The Simulation and Optimization of an Electromagnetic Field in a Vertical Continuous Casting Mold for a Large Bloom

Abstract

The electromagnetic model of a large-bloom continuous casting was established to simulate the magnetic field. The model 3600 digital, high-precision, three-dimensional Gaussian meter was used to measure the internal magnetic field of mold electromagnetic stirring (M-EMS). The distribution of simulated magnetic field was basically consistent with that of the measured magnetic field; the accuracy of electromagnetic stirring model was verified. With the increase of current frequency, the electromagnetic force first increases and then decreases; when the current frequency is 9 Hz, the electromagnetic force reaches its maximum value.
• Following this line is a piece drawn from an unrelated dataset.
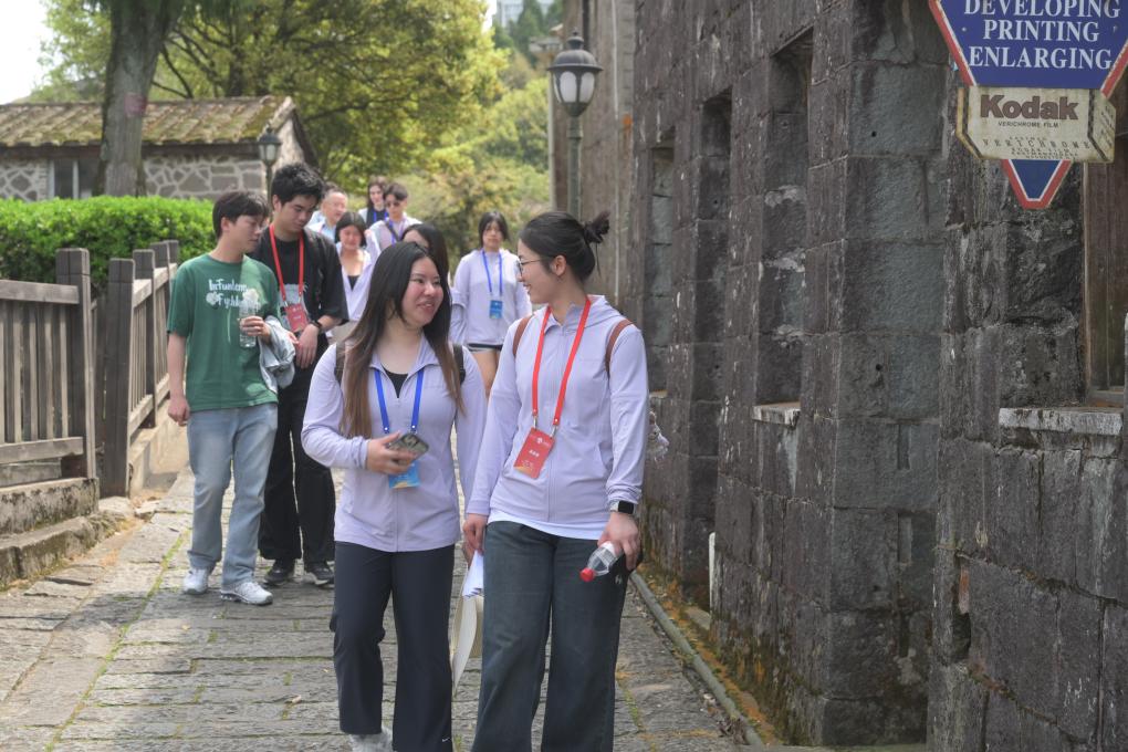 ??3月25日,福州大學(xué)外國(guó)語(yǔ)學(xué)院學(xué)生(前右)與美國(guó)太平洋大學(xué)學(xué)生(前左)在福州鼓嶺老街漫步交流。當(dāng)日,來自美國(guó)俄勒岡大學(xué)、布朗大學(xué)、奧斯威格高級(jí)中學(xué)等校的美國(guó)學(xué)生與福州大學(xué)學(xué)生齊聚福州鼓嶺,參加“讀懂中國(guó) 相約福建”友好交流活動(dòng)。兩國(guó)青少年走訪鼓嶺老街、萬(wàn)國(guó)公益社、柳杉王公園等,感受鼓嶺百年中外交融歷史風(fēng)貌,了解中美交往往事,暢談期待與希望,再續(xù)中美民間友好交往的“鼓嶺故事”。 新華社記者林善傳攝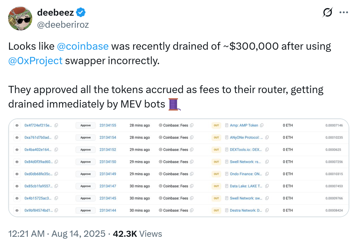 Coinbase lost about $300,000 in token fees after mistakenly approving assets to a 0x Project smart contract, allowing a maximal extractable value (MEV) bot to drain the funds.

A bipolar electromagnetic stirring model is proposed; the influence of current intensity and distance were investigated. With the increase of current intensity of lower mold electromagnetic stirring (M-EMSB), the internal magnetic intensity of upper mold electromagnetic stirring (M-EMSA) gradually increases, and the middle region is gradually filled by magnetic field. With the increase of the distance, the range of the low-intensity magnetic field expands. When the current intensity of the M-EMSB is 320 A, and the distance is 400 mm, an 8 mT uniform magnetic field in the range of 1.2 m is formed. Compared with the traditional continuous casting electromagnetic agitator, the center equiaxial crystal of bipolar electromagnetic agitator increases from 30.3% to 49.5%.